I don't know if the underlying API has that in there yet. Yeah, I think
that's the point. I think it's still possible by chaos toolkit,
but it's not like with the function change or
soil configuration because it's quite a new
feature I guess to changing that watches at runtime
before it wasn't possible and that's probably the reason.
So here we pass the same arguments like
we just want to have it on repository and it's good to go.
All right. So I will just make a first request
to see how it goes. Now I will run the experiment.
Right. So at the moment the Application is running
with no chaos attacks, assaults configured.
Is that right? I think it's still from the old one.
Like the old exceptions. Yeah.
Okay so maybe
do I need to reset it? Let's see. I think this is going to fail.
Let's see, let's see. It's live coding so we
assume it can fail.
So yeah how you read this is like
in the beginning you look at a steady state movies recommended
probe. We actually try it. It says
it's not in a given tolerance, means it took longer than 1 second
to answer. Then in the end we
roll back. I haven't showed you that there is a rollback function
which is actually like at the end of each
run you do that, you disable chaos monkey.

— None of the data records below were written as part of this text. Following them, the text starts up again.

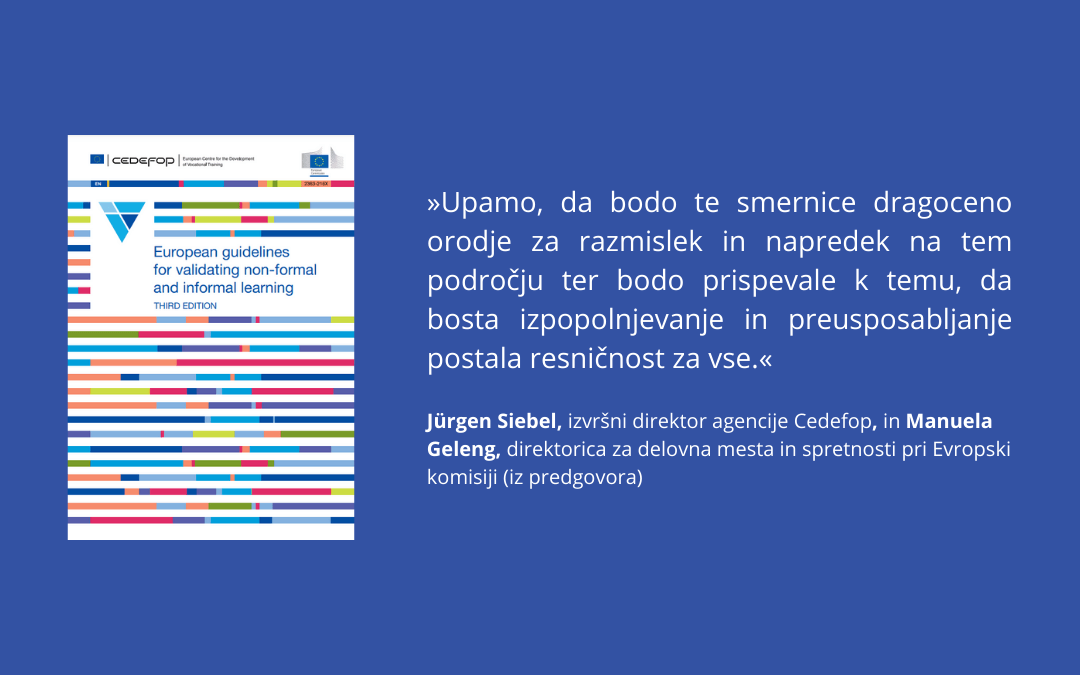 Tretja izdaja smernic (European guidelines for validating non-formal and informal learning), ki je izšla konec maja, nadgrajuje prejšnji izdaji iz leta 2009 in 2015. Zajema tudi vrednotenje priporočil in nadaljnje ukrepe.
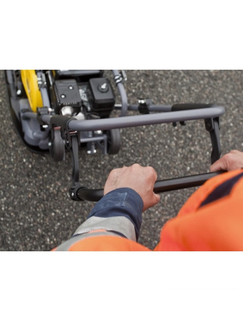 Плита оснащена системой распределения воды, которая предотвращает налипание асфальта и дает чистую поверхность при работе по горячему материалу. Бак объемом 13 литров обеспечивает длительную работу без дозаправки. Подъемная проушина и транспортные колеса делают перемещение между объектами быстрым и удобным.
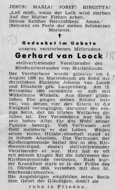 | Stellv. Vors. Kirchenvorstand von Marienbaum; Eltern: Johann van L∞ck u. Elisabeth geb. Langenberg; ∞ 12.11.1895 Wilhelmine Winkels; 7 K., davon 4 †; |
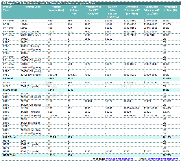 Auctions sales result for Shenhua’s coal-based polyolefin products in domestic China are as following:
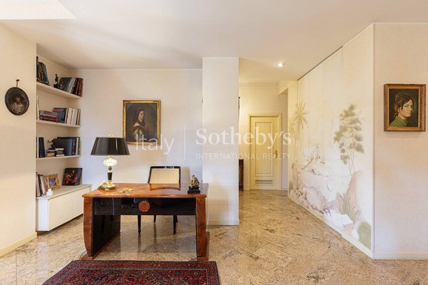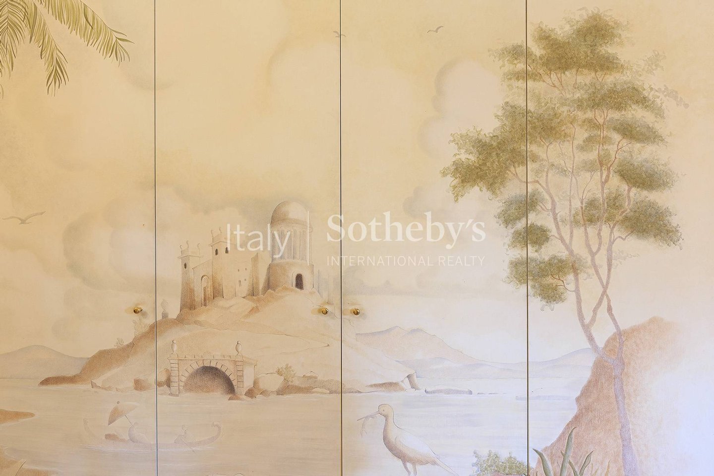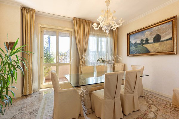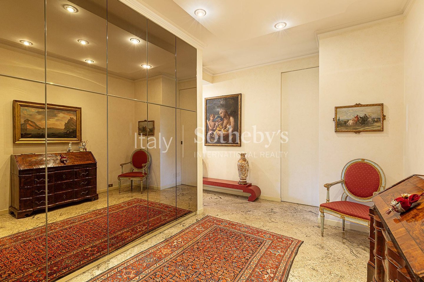 Das Penthouse besteht aus zwei derzeit verbundenen, aber leicht trennbaren Grundbucheinheiten. Die Räume sind harmonisch angeordnet: ein doppellanger Wohnsalon mit Kamin, eine helle Küche im amerikanischen Stil, die in den Essbereich übergeht, ein großzügiger Arbeitsbereich - ideal für das Homeoffice -, sechs Schlafzimmer, fünf Badezimmer, ein Waschraum, Flure mit Einbauschränken und Serviceräume.
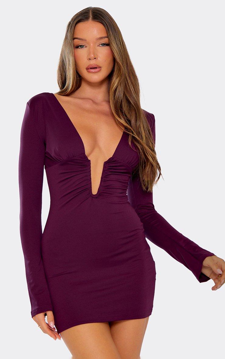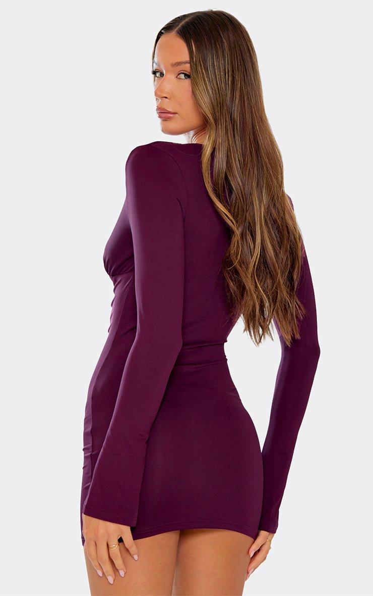 Long Sleeve Plunge Front Ruched Mini Dress In Plum
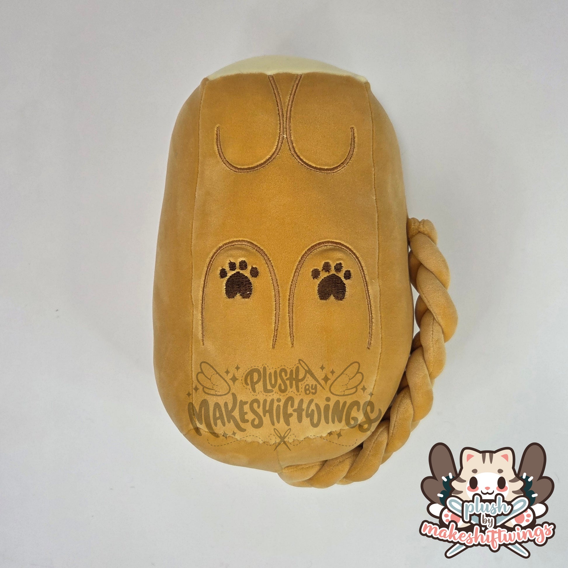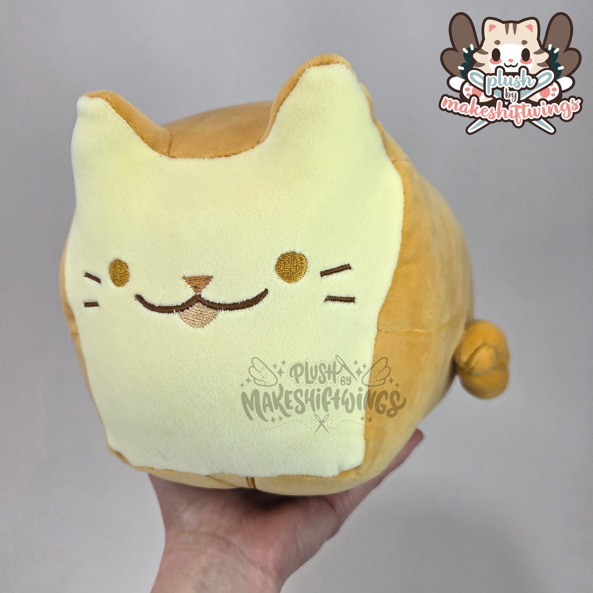 This is a loaf of cat bread! Approximately 11" long and made from mochi minky, so he is VERY soft, fat, and squishy! Features an embroidered face, legs, and applique scoring marks. The tail is plaited and tacked onto the side of the plush. Everything else is machine sewn.

Yeah. So this one didn't actually even start the experiments because the steady started wasn't
valid even. Exactly.
Now it's disabled chaos monkey. So now it will run. Yeah. So we
disabled chaos monkey. We don't have any attacks. So I suppose
now the steady state works.
And what do we have? Now it looks
good. We have steady state. The steady state is met.

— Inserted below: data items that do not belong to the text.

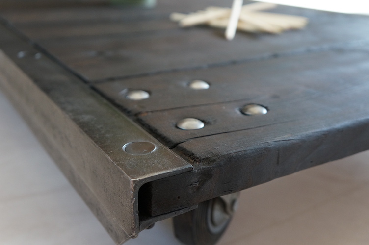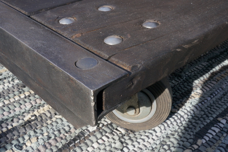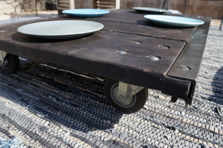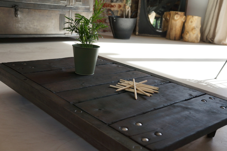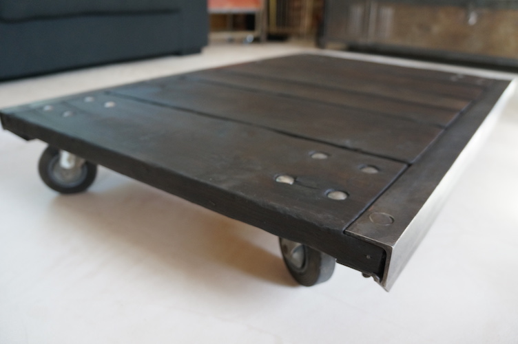 Table basse RUBEN. Palette de transport industriel sur roulettes acier. Plateau massif en bois brûlé, patiné et traité à l'huile de lin.
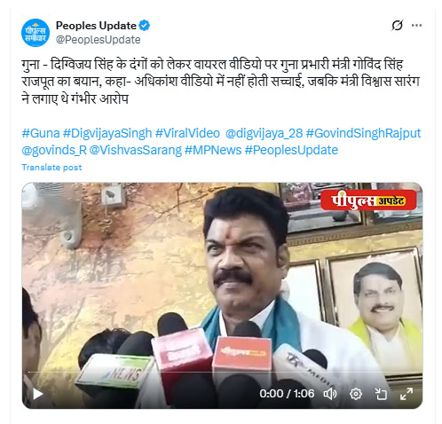 पूर्व मुख्यमंत्री दिग्विजय सिंह के एक वायरल वीडियो में दंगे कराने की बात सामने आने पर मंत्री राजपूत ने कहा कि ऐसी क्लिप्स की वास्तविकता खुद दिग्विजय सिंह ही स्पष्ट कर सकते हैं। उन्होंने यह भी जोड़ा कि अक्सर उनके वीडियो की असलियत कुछ और ही निकलती है।
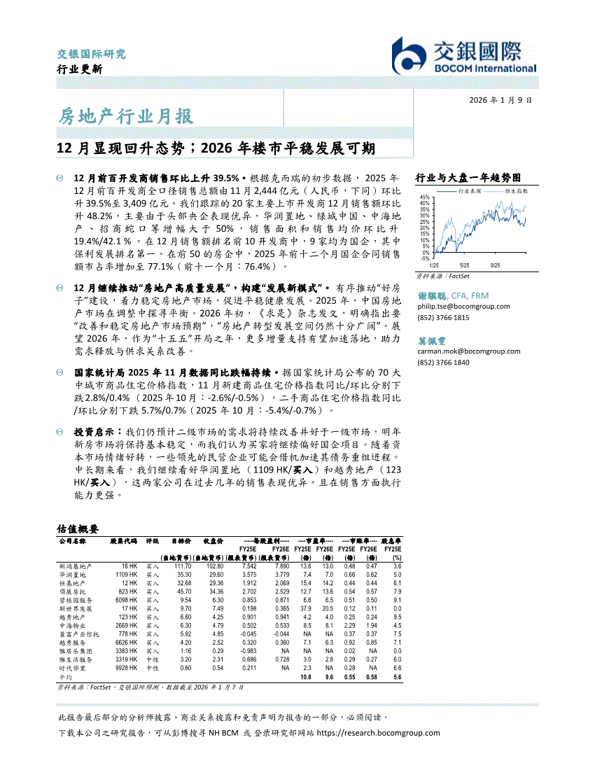 房地产行业:交银国际-房地产行业月报:12月显现回升态势;2026年楼市平稳发展可期-260109

So actually it can request a movie in less than a second.
Then we enable the chaos monk, configure the text
and the watchers. So we do that
again. Steady state is not in a given tolerance
because we now get exceptions. The repository means throwing exception
because you can't connect to the database. Exactly. So we
roll back everything. We disable Chaos monk. In the result of chaos toolkit
steady started has deviated, a weakness have been discovered and we
have a weakness in this case. Yes. We cannot recommend movies.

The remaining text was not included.